La indignación por la caída de precios en origen detona un movimiento para desarticular la Inlac. Las organizaciones agrarias consideran que la entidad ha fallado en proteger la rentabilidad de los establecimientos especializados, convirtiéndose en un órgano “vacío de utilidad” para el sector primario.
El sector lácteo español se asoma a una ruptura estructural. La frustración por los nuevos contratos que imponen rebajas de entre 6 y 9 céntimos por litro ha llevado a líderes agrarios a proponer una estrategia radical: el abandono de la Interprofesional Láctea (Inlac).
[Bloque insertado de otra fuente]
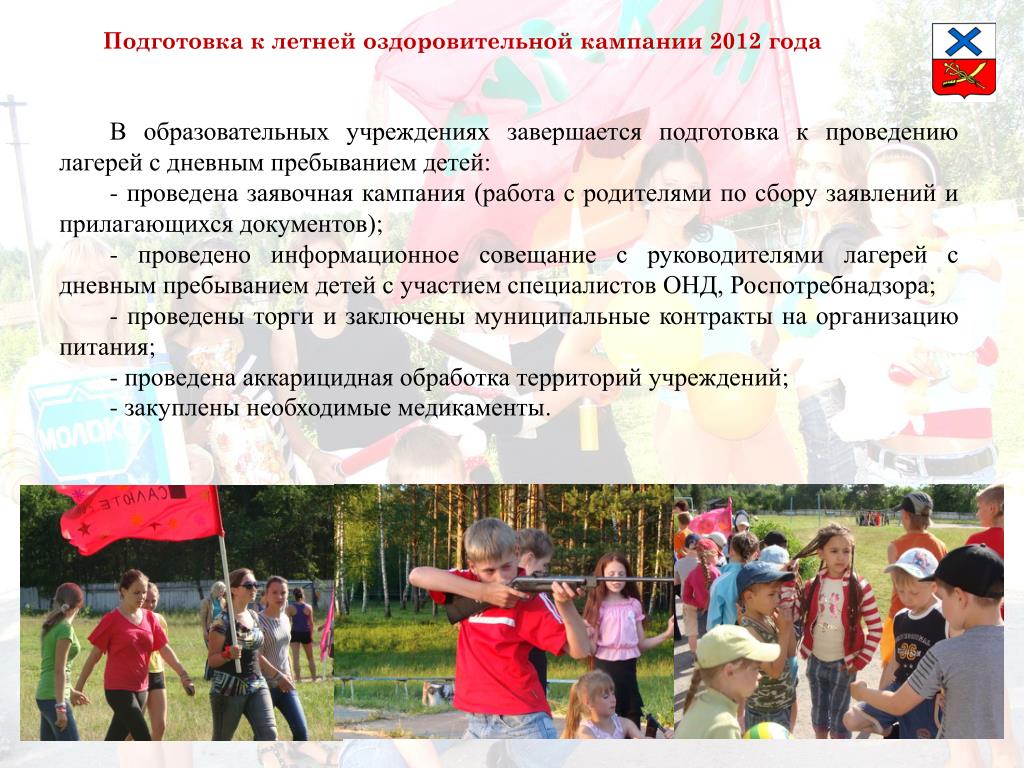 Подготовка к летней оздоровительной кампании 2012 года В образовательных учреждениях завершается подготовка к проведению лагерей с дневным пребыванием детей: - проведена заявочная кампания (работа с родителями по сбору заявлений и прилагающихся документов); - проведено информационное совещание с руководителями лагерей с дневным пребыванием детей с участием специалистов ОНД, Роспотребнадзора; - проведены торги и заключены муниципальные контракты на организацию питания; - проведена аккарицидная обработка территорий учреждений; - закуплены необходимые медикаменты.
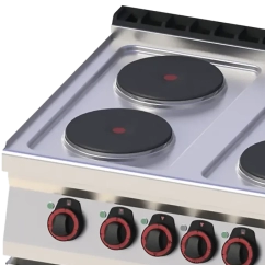 Ce fourneau professionnel électrique est doté de de 4 bruleurs vous permettant de cuire plusieurs préparations simultanément. Son four statique en dessous est compatible GN2/1. Construit avec un revêtement inox AISI 430 et la plaque supérieure en inox AISI 304, ce fourneau est très robuste et facile à nettoyer.
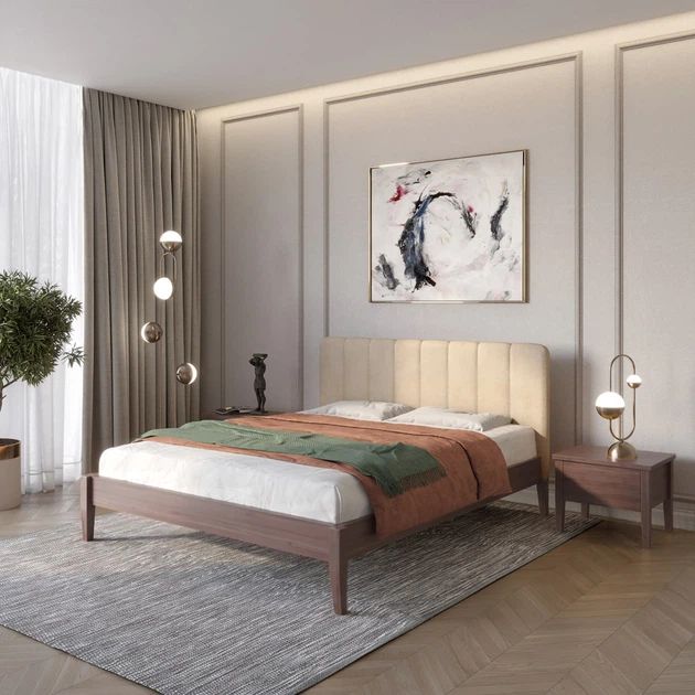 Односпальне дерев'яне ліжко Mebigrand Лондон ДК Горіх лісовий/Аляска 23 (Бежевий) Б1 90х200 см (MBG-6745)
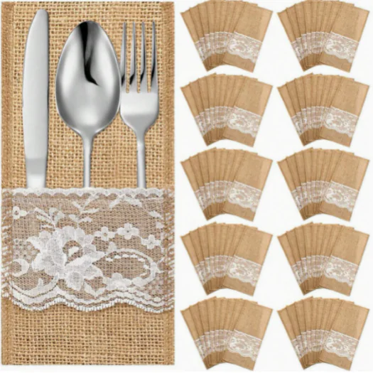 Christmas Decorations Knife and Fork Sets Linen Lace Tableware Supplies
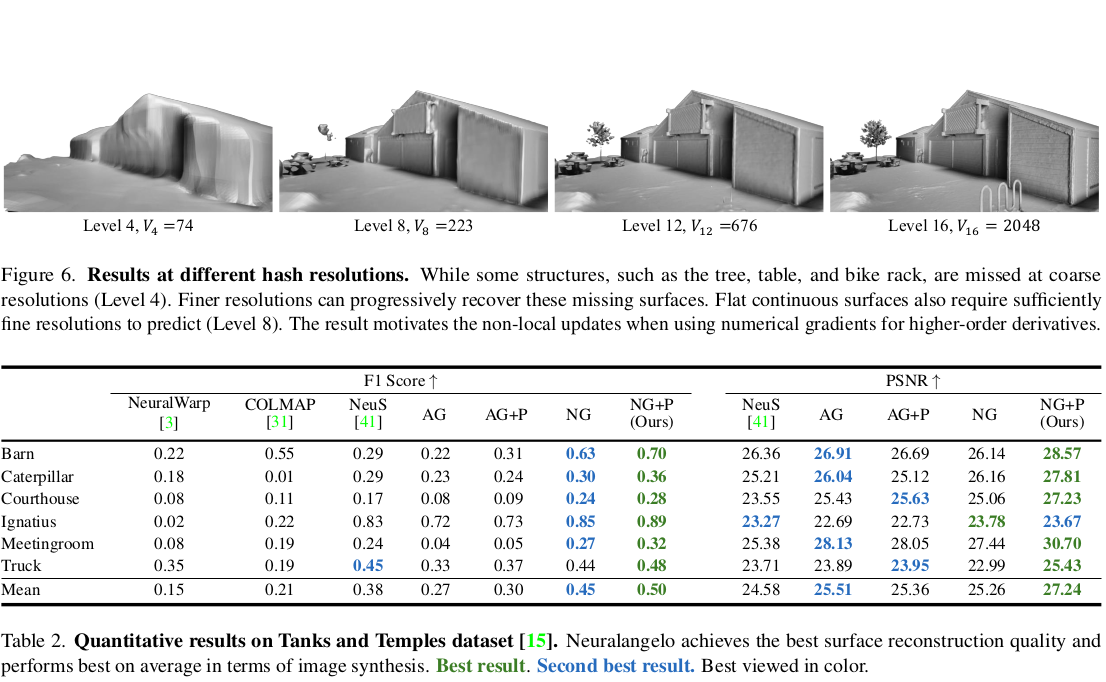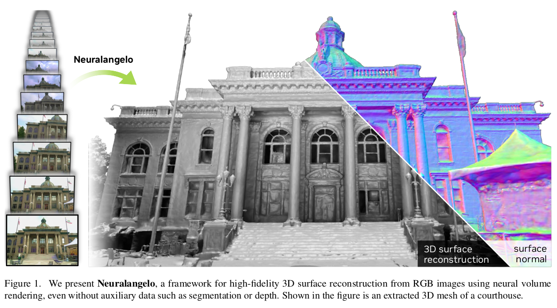 이 논문은 한마디로 Instant NGP의 SDF 버전 논문이다. Instant NGP는 view synthesis용으로 NeRF 첫 논문의 초 가속화 버전 논문이었는데 이를 3D reconstruction에 특화된 NeRF로 확장하는 논문이다. 핵심적인 내용은 hash encoding 기법을 2nd order derivate 계산에 적용한 것이다. 모든 3D surface reconstruction NeRF들이 속도 문제로 고생할 때 벽처럼 다가오는 것이 2nd order derivate 계산이 기능적으로 지원되지 않았던 점이다. surface reconstruction에 코어인 normal과 eikonal loss를 사용할 수 없기 때문이다. hash encoding 기법으로 2nd order derivate도 커버할 수 있도록 수정하여 속도와 성능을 둘 다 잡는 논문이라고 할 수 있겠다.
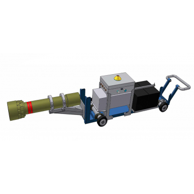 Тележка имеет тормозную систему, позволяющую быстро остановить оборудование у шва. Комплект легкосменных осей колес позволяет работать в трубах различного диаметра.
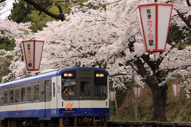 別名、能登さくら駅。せっかくなので夜桜まで粘ろうかな。
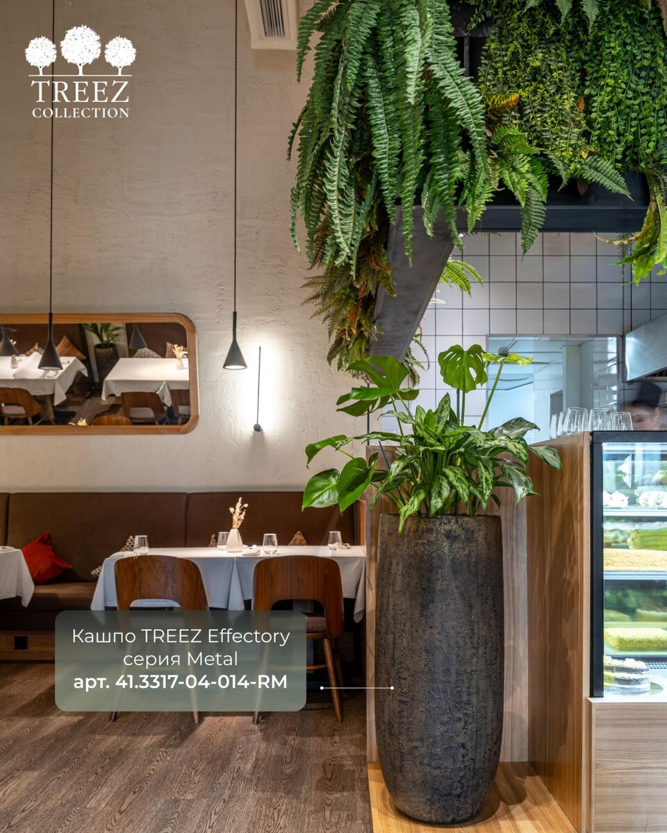 - Фитостена TREEZ в барной зоне, создающая эффект зелёного оазиса и оживляющая индустриальный интерьер.
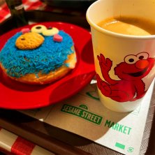 エルモの巨大なドーナツ。遠近法とかじゃなくてガチで大きい。 娘と夫のお出かけデザート。楽しんできたみたいで良かった!

El objetivo es dejar a la institución sin representatividad del sector productor, forzando su disolución técnica como respuesta a la incapacidad de las unidades de procesamiento y el Gobierno para garantizar precios que cubran los costes de producción.
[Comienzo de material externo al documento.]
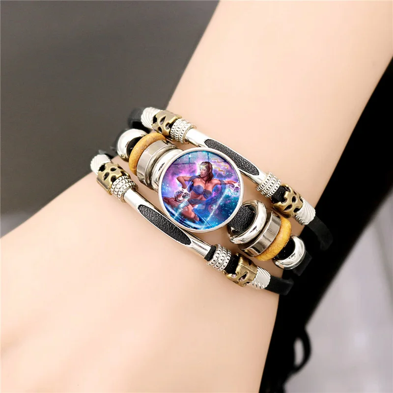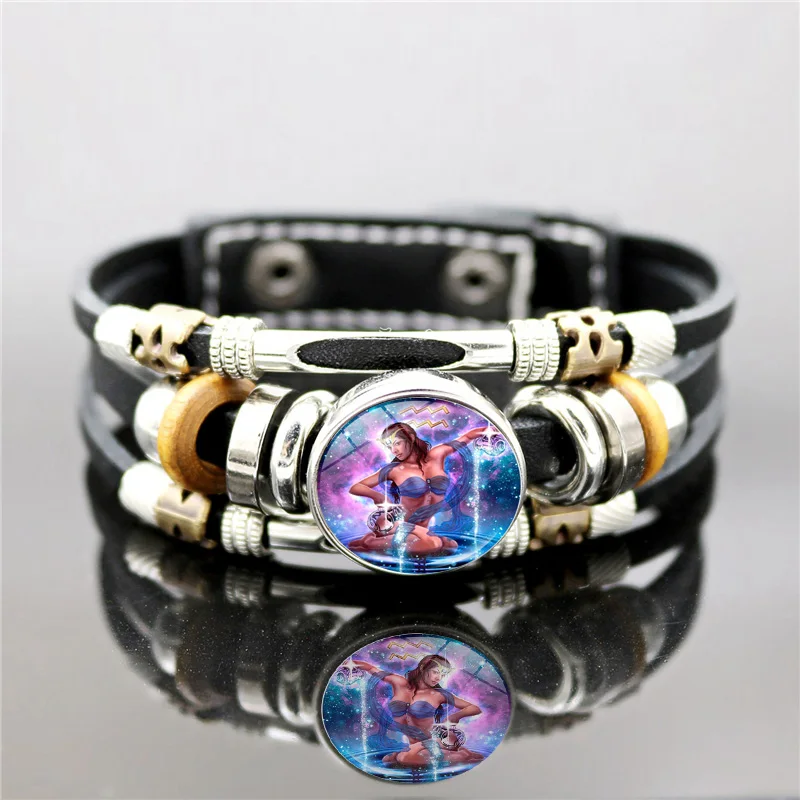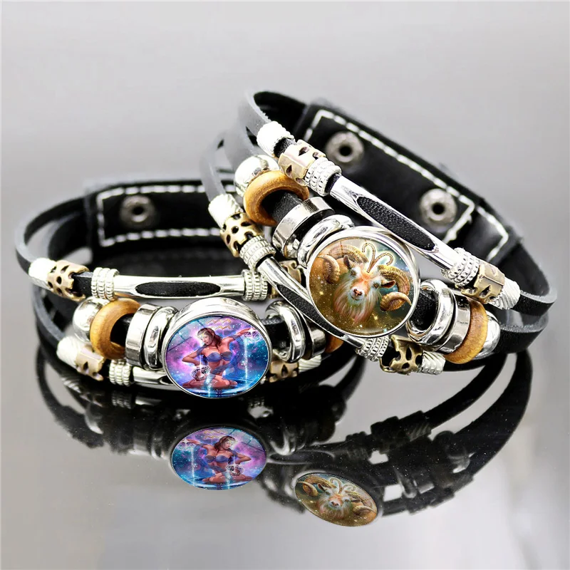 Кожаный браслет со знаками Зодиака, 12 созвездий, женский браслет с...

Las causas del “vaciado” institucional
El movimiento de salida de la Inlac se fundamenta en tres reclamos críticos de los establecimientos especializados:
-
Ineficacia en la Mediación: Los productores acusan a la interprofesional de ser un espectador pasivo mientras las plantas industriales imponen contratos a la baja, vulnerando presuntamente la Ley de la Cadena Alimentaria.
-
Asimetría de Poder: Consideran que la Inlac está volcada hacia los intereses de las unidades de procesamiento, sin mecanismos reales para equilibrar la negociación colectiva o frenar la volatilidad que asfixia a las unidades productivas.
Carga sin Beneficio: Los ganaderos denuncian que aportan fondos a una estructura que no les ofrece soluciones ante la crisis de rentabilidad, prefiriendo “vaciarla de contenido” antes que seguir legitimando su funcionamiento actual.
Implicaciones para las unidades de procesamiento y la cadena
La posible disolución o inoperancia de la Inlac generaría un vacío de gobernanza con efectos inmediatos:
-
Pérdida de Interlocución: Sin una interprofesional fuerte, las plantas industriales perderían el marco legal para acordar campañas de promoción conjunta o gestionar datos estadísticos del sector.
-
Aumento de la Litigiosidad: La falta de consenso institucional derivará en un incremento de denuncias ante la AICA, como ya se ha anunciado para toda la actual ronda de negociaciones contractuales.
-
Incertidumbre en la Remisión: La ruptura del diálogo puede traducirse en nuevas movilizaciones y una mayor inestabilidad en el suministro de leche hacia las unidades de procesamiento.